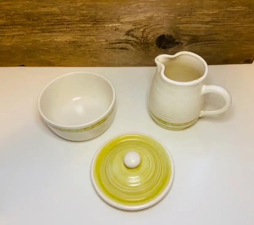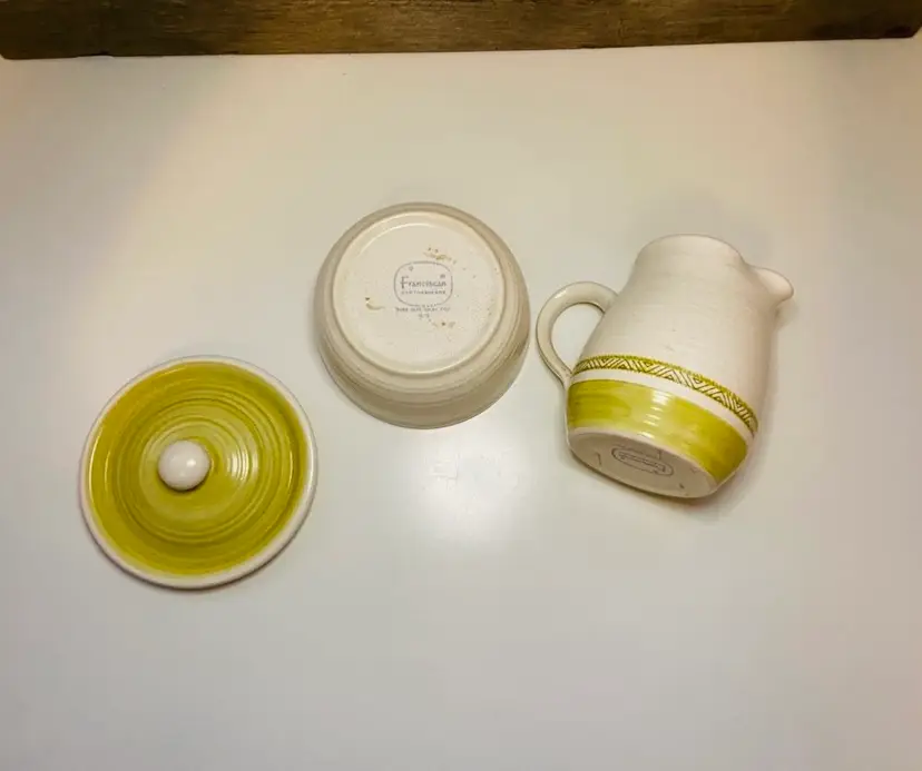 Pre-owned Hacienda Gold Pattern Creamer and Sugar Set. Made by Franciscan Earthenware, 1960s. In good used condition. No chips or cracks.
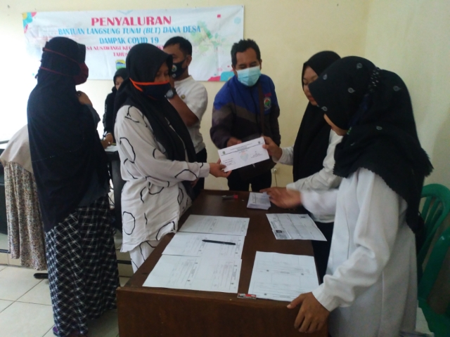 Proses pelaksanaan penyaluran dilakukan Sekretaris Desa Heni Sumiyati didampingi oleh Kaur Keuangan, Kaur TU, Kasi Kesejahteraan dan Perangkat desa lainnya.
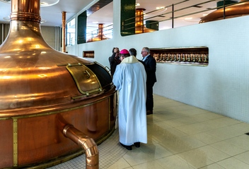 Ve čtvrtek 3. března požehnal biskup Tomáš v Plzeňském Prazdroji suroviny na várku piva pro papeže Františka. Fotil Jiří Strašek.
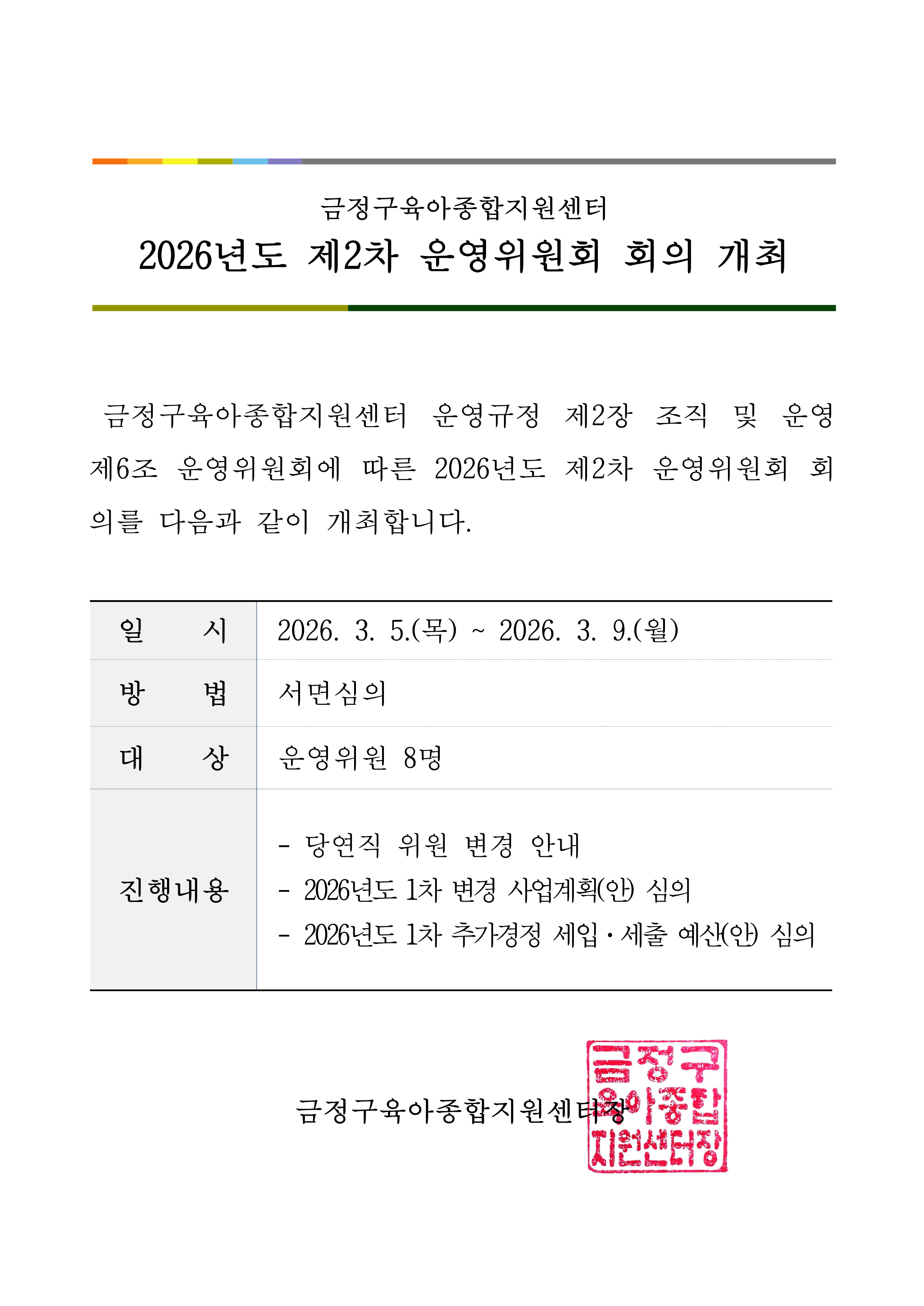 [운영위원회] 2026년도 제2차 운영위원회 회의 개최 알림

────────────────────────────────────────

__Work order__. Beginning with the line that contains "Proses pelaksanaan penyaluran" in the data above, please copy each line exactly until the last line, both ends included, skipping any pictures.

__Answer space__.
 Proses pelaksanaan penyaluran dilakukan Sekretaris Desa Heni Sumiyati didampingi oleh Kaur Keuangan, Kaur TU, Kasi Kesejahteraan dan Perangkat desa lainnya.
 Ve čtvrtek 3. března požehnal biskup Tomáš v Plzeňském Prazdroji suroviny na várku piva pro papeže Františka. Fotil Jiří Strašek.
 [운영위원회] 2026년도 제2차 운영위원회 회의 개최 알림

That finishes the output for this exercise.